Document Description
Getting Started Installation and quick start guide
API Reference Complete API documentation
Examples Practical usage examples
Contributing Contributing guidelines and style guide

Key Modules

Indexing

df.epl.loc[0]                      # First row
df.epl.loc[0:5, ["a", "b"]]        # Slice with columns
df.epl.iloc[0, 0]                  # Position-based access
df.epl.at[0, "column"]             # Single value access

Merging

df.epl.merge(right, on="key", how="left")
df.epl.merge_asof(right, on="timestamp", by="group")
df.epl.concat(df2, df3, how="vertical")

GroupBy

df.epl.groupby(["col"]).agg({"value": ["mean", "sum"]})
df.epl.groupby(["col"]).apply(custom_function)
df.epl.groupby(["col"]).ffill(columns=["value"])

Interpolation

df.epl.ffill(columns=["value"])
df.epl.bfill(columns=["value"])
df.epl.interpolate(columns=["value"], method="linear")
df.epl.fillna(columns=["value"], value=0)

ML Pipeline

df.epl.standardize(columns=["numeric_col"])
df.epl.clip_and_impute(columns=["value"], impute_strategy="median")
df.epl.make_ml_ready(target_col="label")

# Series-level operations
series.epl.scale_encode(path="scaler.joblib", scaler_type="StandardScaler")
series.epl.isnull()  # Handles both null and NaN

SQL

df.epl.to_sql(connection, "table_name", if_exists="replace", batch_size=10000)

Requirements

Core Dependencies

  • Python 3.12+
  • polars >= 1.33.0
  • numpy >= 2.3.0
  • pandas >= 2.3.0
  • pyarrow >= 21.0.0
  • Plus: tqdm, python-dateutil, joblib

Optional Dependencies

Install with extras for additional functionality:

# For scientific computing (interpolation, hypothesis tests)
pip install "EnhancedPolars[sci]"

# For ML preprocessing (scalers, encoders)
pip install "EnhancedPolars[ml]"

# Install all optional dependencies
pip install "EnhancedPolars[all]"
  • [sci] - Scientific computing: scipy >= 1.16.0
  • [ml] - Machine learning: scikit-learn >= 1.7.0

License

This project is licensed under the MIT License - see the LICENSE file for details.


Author

@Ruppert20


AI Authorship Disclaimer

This package was developed with the assistance of LLM-based coding tools (Claude Code by Anthropic).

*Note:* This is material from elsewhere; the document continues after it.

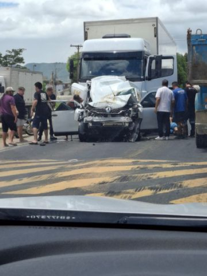 Um acidente de trânsito do tipo engavetamento mobilizou equipes de resgate na tarde desta quinta-feira (22) na SC-370, na localidade de Termas, no município de Gravatal. A ocorrência envolveu um caminhão Mercedes-Benz e um veículo Renault Kangoo e foi atendida pelo Corpo de Bombeiros Militar de Santa Catarina (CBMSC).
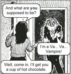 - Sam in Sluggy Freelance has this restriction, but not every vampire in the Sluggyverse does. On one occasion, Sam tracks down Dr. Schlock, who is decked out with every anti-vampire trick possible. He then points out Sam can't even enter his motel room without an invitation. In a rare moment of intelligence, Sam pulls out a gun, shoots Dr. Schlock in the leg, and asks, "Can I come in?"

AI tools were used for the following activities:

  • Code authorship - Implementation of utilities, functions, and classes
  • Test development - Creation of comprehensive unit tests
  • Documentation - Generation of NumPy-style docstrings and README content
  • Code review - Identification of bugs, edge cases, and improvements

Users should evaluate the code for their specific use cases and report any issues through the GitHub issue tracker.


Contributing

See Contributing Guide for guidelines on:

  • Development setup
  • Code style
  • Testing requirements
  • Pull request process

Project details


Download files

Download the file for your platform. If you're not sure which to choose, learn more about installing packages.

Source Distribution

enhancedpolars-0.0.3.tar.gz (282.9 kB view details)

Uploaded Source

Built Distribution

If you're not sure about the file name format, learn more about wheel file names.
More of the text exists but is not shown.